Problem to solve:
Take the line containing "Questa elegante poltroncina" and every line after it to the end of the records, and copy them exactly, leaving out pictures.

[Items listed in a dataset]
..........

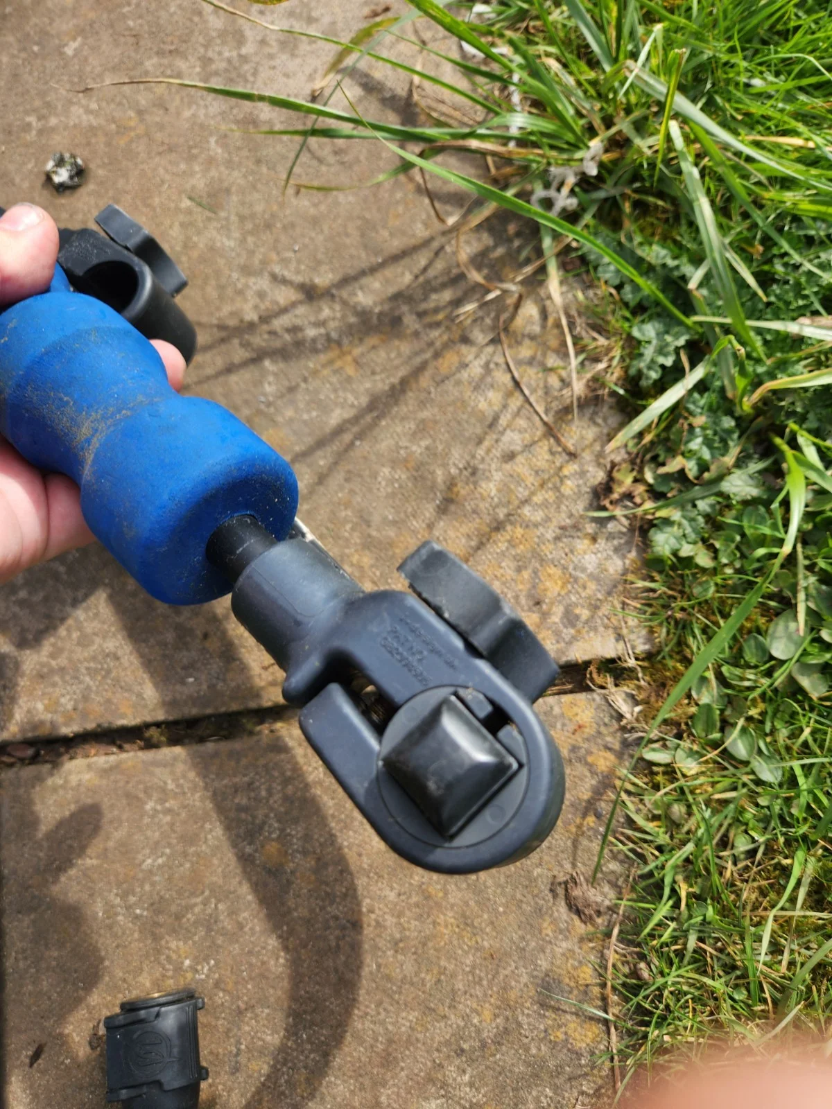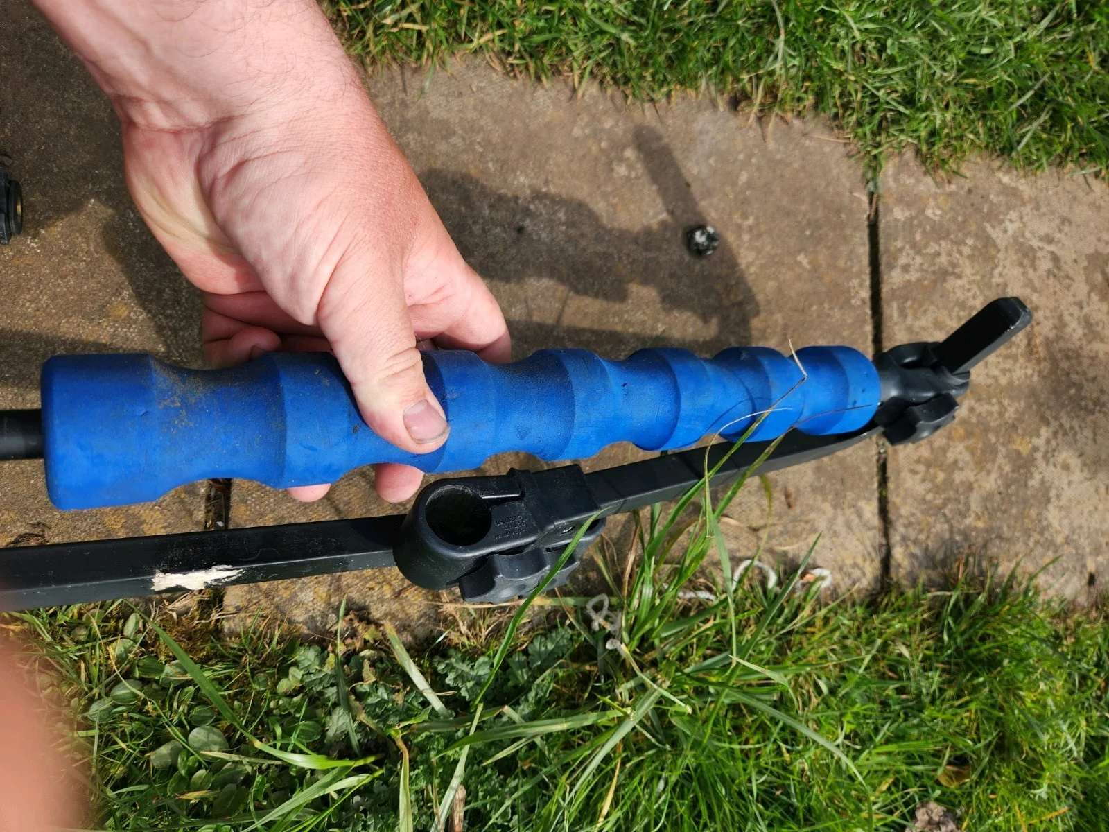 prestonpole supportovrall 58cm wideovrall 35 x 13cm bracketbrackts can be angled to reduc or widenmax fitmnt 30mm dia leg can add inserts if you lt m know what siz you wantused surface marks from use / age some metal exposed oxidisation / minor rust to knob threads by work fine
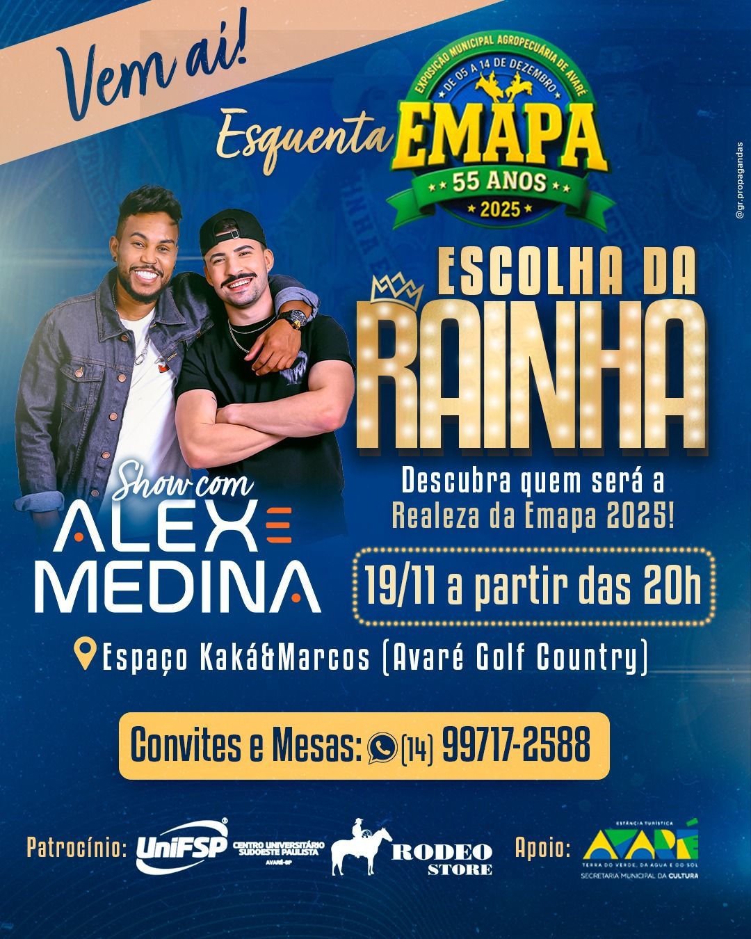 “Descubra quem será a realeza da EMAPA 2025”, destaca a organização. O evento tem início às 20 horas no Espaço Kaká & Marcos. O endereço é Rua Santo André, nº 96, Avaré Golf Country.
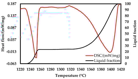 The temperatures of liquidus and solidus, in addition to liquid fraction, were estimated by carrying out differential scanning calorimetry test (DSC). Small pieces samples (less than 20 mg) were cut from the as-received material for testing with The Netzsch-STA 449 F3 simultaneous thermogravimeter (TGA-DSC) (STA 449F3, NETZSCH, Bavaria, Germany). The samples were heated at a rate of 10 °C/min in nitrogen atmosphere to prevent oxidation. The common tangent procedure is adopted to estimate the liquid fraction. Finding out the fraction of liquid was done by integrating of partial areas under the heating curves as shown in Figure 2.
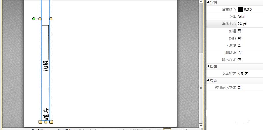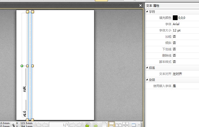 6、在添加的文本框上,我们来对方向旋转90度,然后在移动到左侧边缘的位置,如图所示。
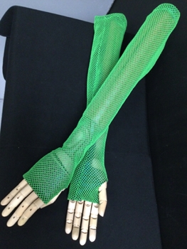 Green, Black, Blue, Netting, Mesh, 4" Across Palm, Fingerless, Thumb Hole, 24" Long, Good Condition
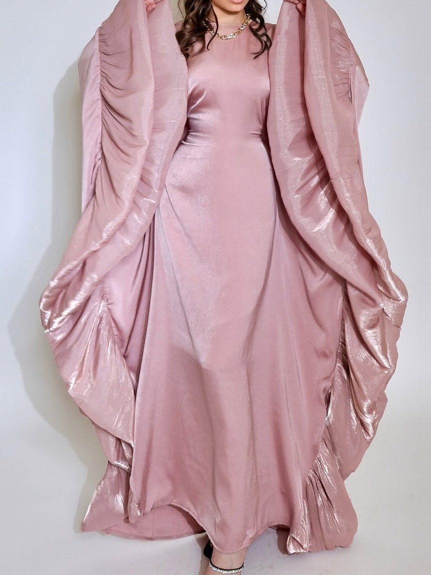 Waistband Satin Batwing Sleeves Abaya
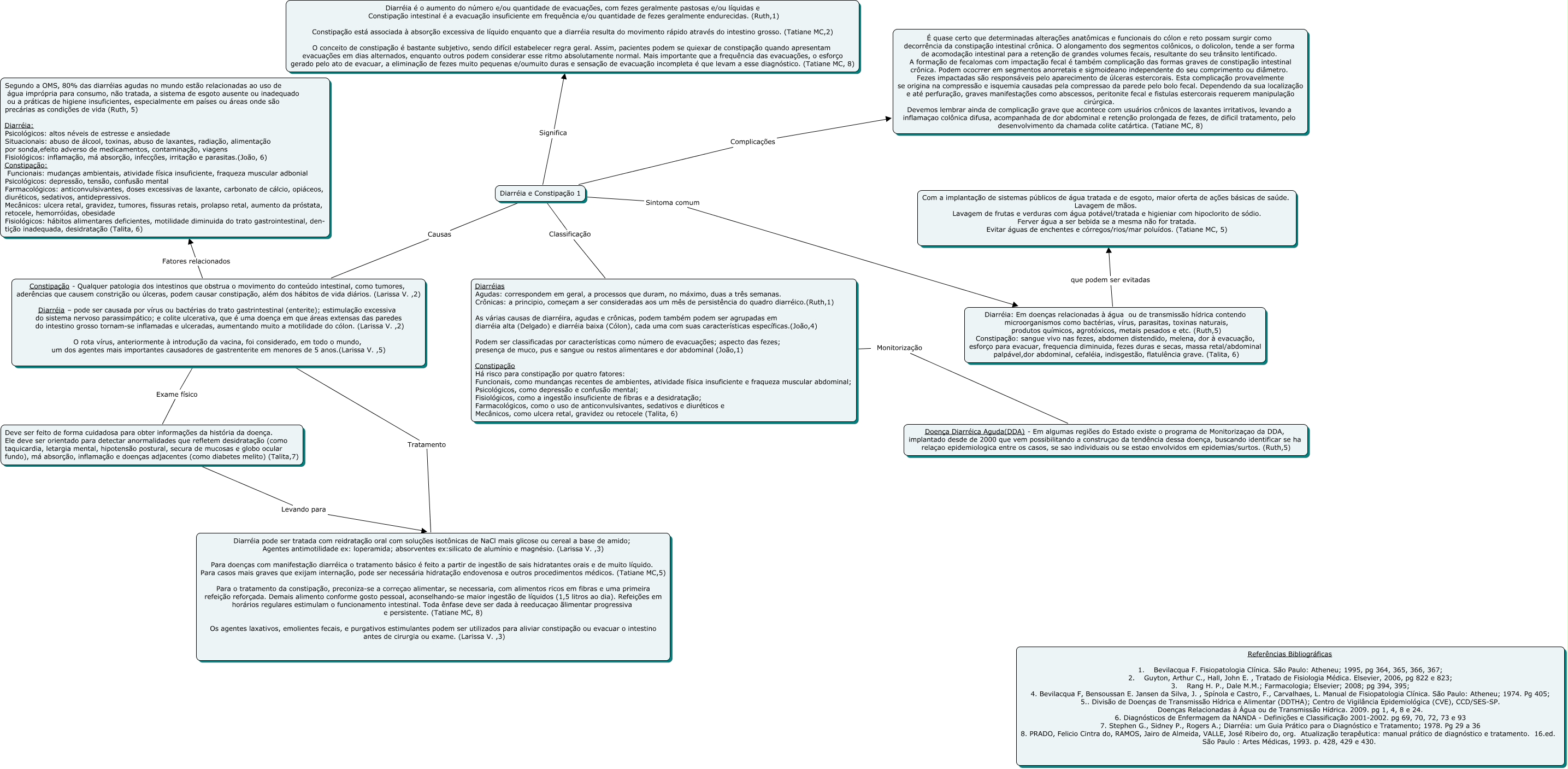 Esse mapa conceitual, produzido no IHMC CmapTools, tem a informação relacionada a: Diarréia e Constipação 1, Constipação - Qualquer patologia dos intestinos que obstrua o movimento do conteúdo intestinal, como tumores, aderências que causem constrição ou úlceras, podem causar constipação, além dos hábitos de vida diários. (Larissa V. ,2) Diarréia – pode ser causada por vírus ou bactérias do trato gastrintestinal (enterite); estimulação excessiva do sistema nervoso parassimpático; e colite ulcerativa, que é uma doença em que áreas extensas das paredes do intestino grosso tornam-se inflamadas e ulceradas, aumentando muito a motilidade do cólon. (Larissa V. ,2) O rota vírus, anteriormente à introdução da vacina, foi considerado, em todo o mundo, um dos agentes mais importantes causadores de gastrenterite em menores de 5 anos.(Larissa V. ,5) Tratamento Diarréia pode ser tratada com reidratação oral com soluções isotônicas de NaCl mais glicose ou cereal a base de amido; Agentes antimotilidade ex: loperamida; absorventes ex:silicato de alumínio e magnésio. (Larissa V. ,3) Para doenças com manifestação diarréica o tratamento básico é feito a partir de ingestão de sais hidratantes orais e de muito líquido. Para casos mais graves que exijam internação, pode ser necessária hidratação endovenosa e outros procedimentos médicos. (Tatiane MC,5) Para o tratamento da constipação, preconiza-se a correçao alimentar, se necessaria, com alimentos ricos em fibras e uma primeira refeição reforçada. Demais alimento conforme gosto pessoal, aconselhando-se maior ingestão de líquidos (1,5 litros ao dia). Refeições em horários regulares estimulam o funcionamento intestinal. Toda ênfase deve ser dada à reeducaçao ãlimentar progressiva e persistente. (Tatiane MC, 8) Os agentes laxativos, emolientes fecais, e purgativos estimulantes podem ser utilizados para aliviar constipação ou evacuar o intestino antes de cirurgia ou exame. (Larissa V. ,3), Diarréia e Constipação 1 Significa Diarréia é o aumento do número e/ou quantidade de evacuações, com fezes geralmente pastosas e/ou líquidas e Constipação intestinal é a evacuação insuficiente em frequência e/ou quantidade de fezes geralmente endurecidas. (Ruth,1) Constipação está associada à absorção excessiva de líquido enquanto que a diarréia resulta do movimento rápido através do intestino grosso. (Tatiane MC,2) O conceito de constipação é bastante subjetivo, sendo difícil estabelecer regra geral. Assim, pacientes podem se quiexar de constipação quando apresentam evacuações em dias alternados, enquanto outros podem considerar esse ritmo absolutamente normal. Mais importante que a frequência das evacuações, o esforço gerado pelo ato de evacuar, a eliminação de fezes muito pequenas e/oumuito duras e sensação de evacuação incompleta é que levam a esse diagnóstico. (Tatiane MC, 8), Diarréia e Constipação 1 Classificação Diarréias Agudas: correspondem em geral, a processos que duram, no máximo, duas a três semanas. Crônicas: a principio, começam a ser consideradas aos um mês de persistência do quadro diarréico.(Ruth,1) As várias causas de diarréira, agudas e crônicas, podem também podem ser agrupadas em diarréia alta (Delgado) e diarréia baixa (Cólon), cada uma com suas características específicas.(João,4) Podem ser classificadas por características como número de evacuações; aspecto das fezes; presença de muco, pus e sangue ou restos alimentares e dor abdominal (João,1) Constipação Há risco para constipação por quatro fatores: Funcionais, como mundanças recentes de ambientes, atividade física insuficiente e fraqueza muscular abdominal; Psicológicos, como depressão e confusão mental; Fisiológicos, como a ingestão insuficiente de fibras e a desidratação; Farmacológicos, como o uso de anticonvulsivantes, sedativos e diuréticos e Mecânicos, como ulcera retal, gravidez ou retocele (Talita, 6), Diarréia e Constipação 1 Causas Constipação - Qualquer patologia dos intestinos que obstrua o movimento do conteúdo intestinal, como tumores, aderências que causem constrição ou úlceras, podem causar constipação, além dos hábitos de vida diários. (Larissa V. ,2) Diarréia – pode ser causada por vírus ou bactérias do trato gastrintestinal (enterite); estimulação excessiva do sistema nervoso parassimpático; e colite ulcerativa, que é uma doença em que áreas extensas das paredes do intestino grosso tornam-se inflamadas e ulceradas, aumentando muito a motilidade do cólon. (Larissa V. ,2) O rota vírus, anteriormente à introdução da vacina, foi considerado, em todo o mundo, um dos agentes mais importantes causadores de gastrenterite em menores de 5 anos.(Larissa V. ,5), Diarréias Agudas: correspondem em geral, a processos que duram, no máximo, duas a três semanas. Crônicas: a principio, começam a ser consideradas aos um mês de persistência do quadro diarréico.(Ruth,1) As várias causas de diarréira, agudas e crônicas, podem também podem ser agrupadas em diarréia alta (Delgado) e diarréia baixa (Cólon), cada uma com suas características específicas.(João,4) Podem ser classificadas por características como número de evacuações; aspecto das fezes; presença de muco, pus e sangue ou restos alimentares e dor abdominal (João,1) Constipação Há risco para constipação por quatro fatores: Funcionais, como mundanças recentes de ambientes, atividade física insuficiente e fraqueza muscular abdominal; Psicológicos, como depressão e confusão mental; Fisiológicos, como a ingestão insuficiente de fibras e a desidratação; Farmacológicos, como o uso de anticonvulsivantes, sedativos e diuréticos e Mecânicos, como ulcera retal, gravidez ou retocele (Talita, 6) Monitorização Doença Diarréica Aguda(DDA) - Em algumas regiões do Estado existe o programa de Monitorizaçao da DDA, implantado 
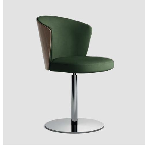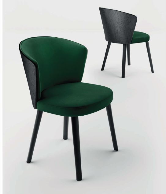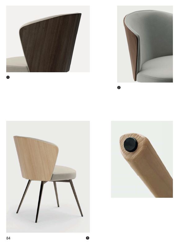 Questa elegante poltroncina offre sorprendenti combinazioni di stile. La seduta può essere abbinata alla nuova base in legno massello di frassino con gamba coni- cromate, incluse versioni sgabello. Sedile e schienale sono realizzati in legno multistrato di betulla, imbottiti con spugna di poliuretano espanso ad alta densità e ricoperti a scelta con una ampia gamma di tessuti, vera pelle o similpelle. La base in legno ed il retro a vista dello schienale in multistrati impiallacciato frassino , sono disponibili con le finiture: naturale, noce, rovere bruciato o nero venato
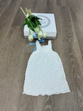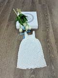 Sweet and delicate, this white knit romper is a timeless piece for your baby girl’s wardrobe. Featuring two charming mini bows on the front, it adds a subtle touch of elegance while keeping your little one cozy and comfortable. Perfect for special occasions or everyday style.
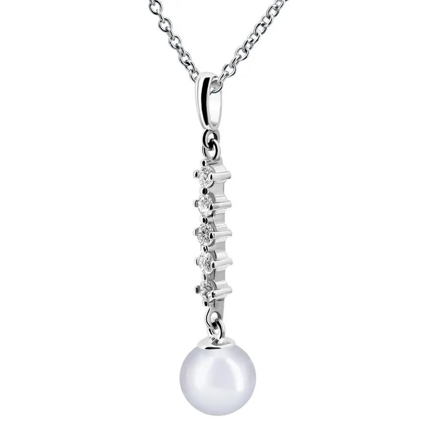 חמישה זרקונים מסודרים בטור מתמשך שמושך את העין ומוביל לפנינה תלויה שמוסיפה רכות נשית.
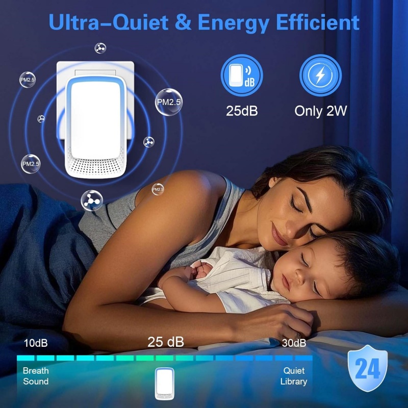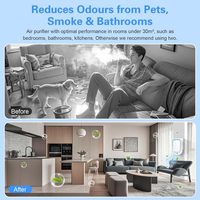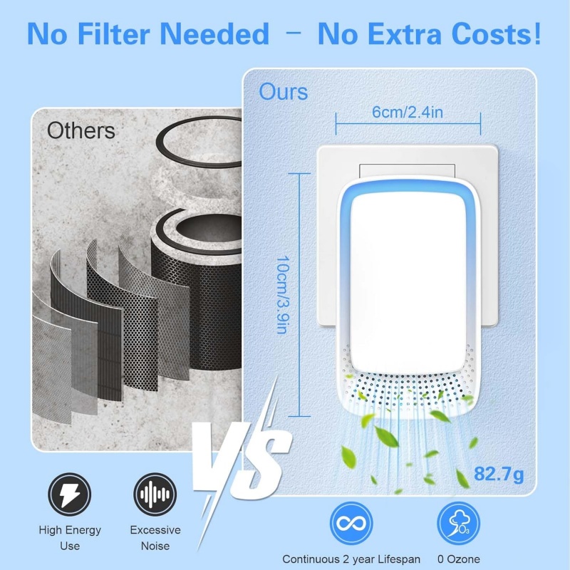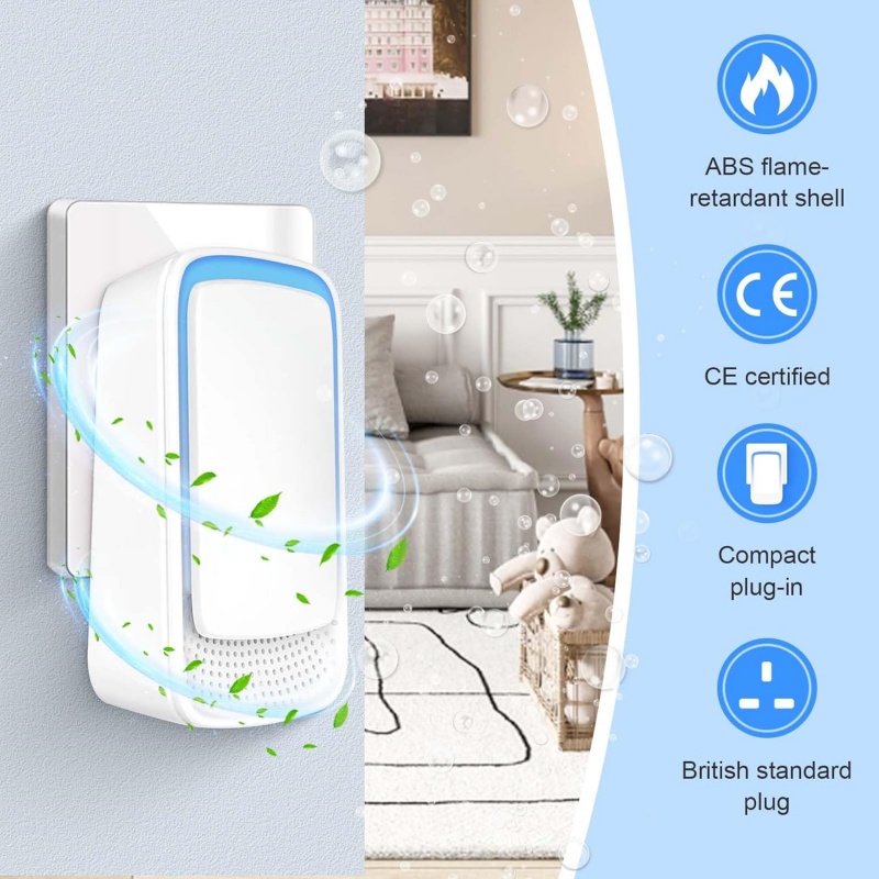 Plug & Play, No Maintenance Required – Simply plug it into any standard UK socket, and air purifier starts working instantly—no installation or filters to replace. A soft blue indicator light lets you know it’s active, making it easy to use. (Note: British standard plug – please check compatibility before purchase.)

..........

Exercise output:
 Questa elegante poltroncina offre sorprendenti combinazioni di stile. La seduta può essere abbinata alla nuova base in legno massello di frassino con gamba coni- cromate, incluse versioni sgabello. Sedile e schienale sono realizzati in legno multistrato di betulla, imbottiti con spugna di poliuretano espanso ad alta densità e ricoperti a scelta con una ampia gamma di tessuti, vera pelle o similpelle. La base in legno ed il retro a vista dello schienale in multistrati impiallacciato frassino , sono disponibili con le finiture: naturale, noce, rovere bruciato o nero venato
 Sweet and delicate, this white knit romper is a timeless piece for your baby girl’s wardrobe. Featuring two charming mini bows on the front, it adds a subtle touch of elegance while keeping your little one cozy and comfortable. Perfect for special occasions or everyday style.
 חמישה זרקונים מסודרים בטור מתמשך שמושך את העין ומוביל לפנינה תלויה שמוסיפה רכות נשית.
 Plug & Play, No Maintenance Required – Simply plug it into any standard UK socket, and air purifier starts working instantly—no installation or filters to replace. A soft blue indicator light lets you know it’s active, making it easy to use. (Note: British standard plug – please check compatibility before purchase.)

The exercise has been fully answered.